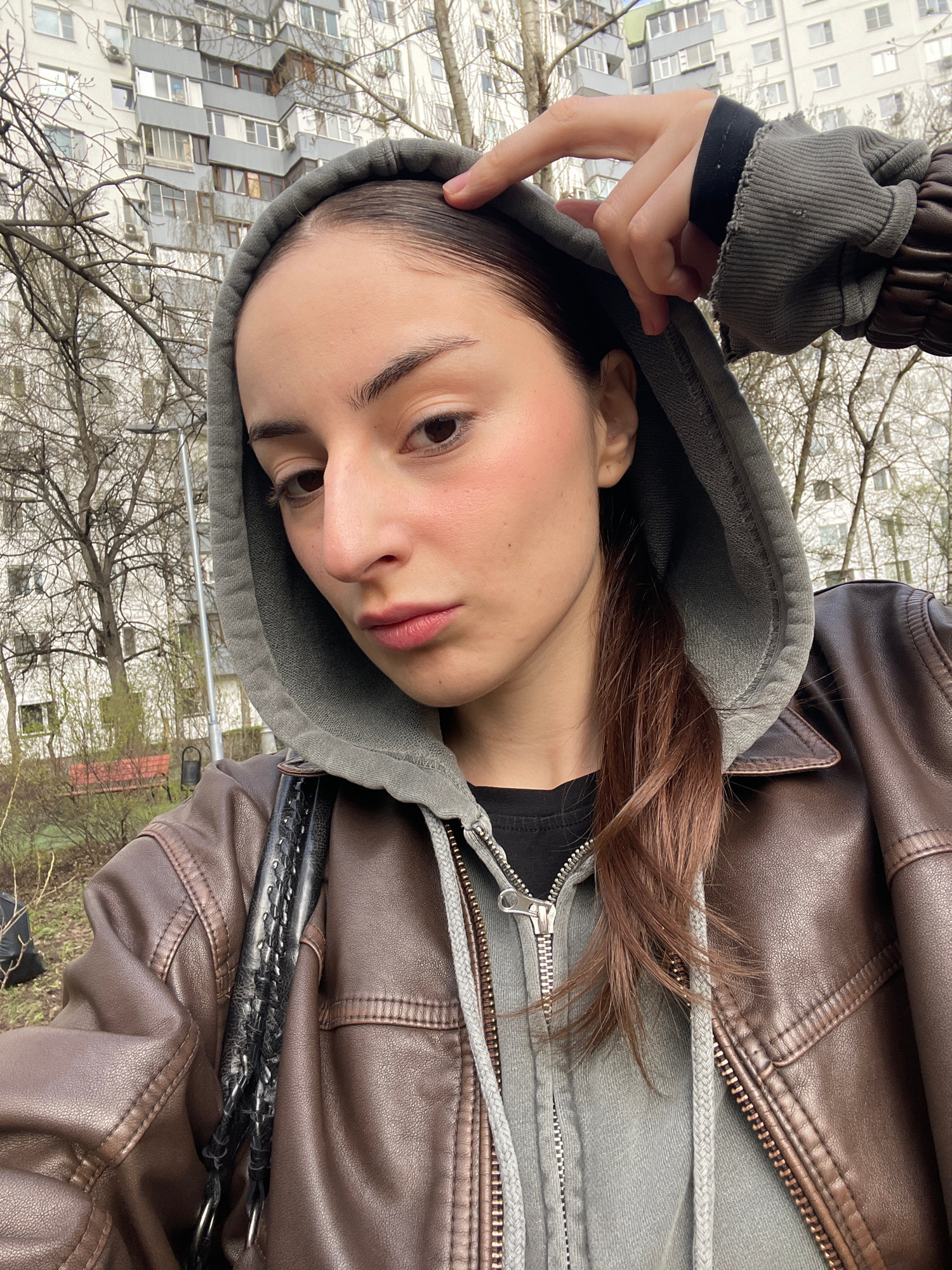 A young woman is positioned outdoors in a casual pose, wearing a brown leather jacket over a grey hooded sweatshirt. The hood of the sweatshirt is drawn up around her head, with her right hand touchin…read more
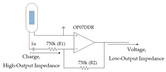 However, the hardware design of the piezo-based device was more complicated. A charge amplifier was applied to transform the high-output impedance of the piezoelectric sensor. Specifically, it is necessary to adjust values of the resistances (R1 and R2) to change the input impedance and gain, and to obtain a voltage signal with a low-output impedance to process further (shown in Figure 4).
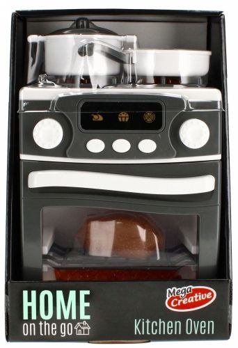 Zalety produktu: posiada efekty dźwiękowe oraz świetlne, po naciśnięciu odpowiedniego programu pieczenia zapala się lampka, w piekarniku, kuchenka posiada otwierane drzwiczki piekarnika oraz wysuwaną kratkę ze środka, posiada elektroniczny wyświetlacz gdzie obliczany jest czas pieczenia, kuchenka w kolorze szarym. Kuchnia MEGA CREATIVE to propozycja ciekawej i wciągającej zabawy dla dzieci, które chętnie naśladują zajęcia dorosłych i w bezpieczny sposób mogą bawić się w małych kucharzy. Ciekawy i nowoczesny design, a także ładna i żywa kolorystyka to tylko niektóre cechy tej kuchni Można tu znaleźć płytę z dwoma polami grzejnymi, kurki do sterowania kuchenką są ruchome. Zawartość zestawu: kuchenka, garnek z pokrywką, patelnia. Całość wykonana z plastiku. Wymiary/waga/baterie: wymiary produktu dł. x wys. x gł. cm : 18x23x14, wymiar opakowania dł. x wys. x gł. cm : 19x29x15, waga produktu bez opakowania kg : 0,61 kg, waga produktu w opakowaniu kg : 0,87 kg, wymaga zasilania bateriami 3 x AA- nie załączono do zestawu. Zabawka przeznaczona dla dzieci w wieku: 3 . Pakowana w kartonik z okienkiem. W kartonie zbiorczym po 24 szt.
# # #
None of the pictures belong in the copy; transcribe the rest of the data exactly.

▶ **ANSWER FOR THIS EXERCISE**
 A young woman is positioned outdoors in a casual pose, wearing a brown leather jacket over a grey hooded sweatshirt. The hood of the sweatshirt is drawn up around her head, with her right hand touchin…read more
 However, the hardware design of the piezo-based device was more complicated. A charge amplifier was applied to transform the high-output impedance of the piezoelectric sensor. Specifically, it is necessary to adjust values of the resistances (R1 and R2) to change the input impedance and gain, and to obtain a voltage signal with a low-output impedance to process further (shown in Figure 4).
 Zalety produktu: posiada efekty dźwiękowe oraz świetlne, po naciśnięciu odpowiedniego programu pieczenia zapala się lampka, w piekarniku, kuchenka posiada otwierane drzwiczki piekarnika oraz wysuwaną kratkę ze środka, posiada elektroniczny wyświetlacz gdzie obliczany jest czas pieczenia, kuchenka w kolorze szarym. Kuchnia MEGA CREATIVE to propozycja ciekawej i wciągającej zabawy dla dzieci, które chętnie naśladują zajęcia dorosłych i w bezpieczny sposób mogą bawić się w małych kucharzy. Ciekawy i nowoczesny design, a także ładna i żywa kolorystyka to tylko niektóre cechy tej kuchni Można tu znaleźć płytę z dwoma polami grzejnymi, kurki do sterowania kuchenką są ruchome. Zawartość zestawu: kuchenka, garnek z pokrywką, patelnia. Całość wykonana z plastiku. Wymiary/waga/baterie: wymiary produktu dł. x wys. x gł. cm : 18x23x14, wymiar opakowania dł. x wys. x gł. cm : 19x29x15, waga produktu bez opakowania kg : 0,61 kg, waga produktu w opakowaniu kg : 0,87 kg, wymaga zasilania bateriami 3 x AA- nie załączono do zestawu. Zabawka przeznaczona dla dzieci w wieku: 3 . Pakowana w kartonik z okienkiem. W kartonie zbiorczym po 24 szt.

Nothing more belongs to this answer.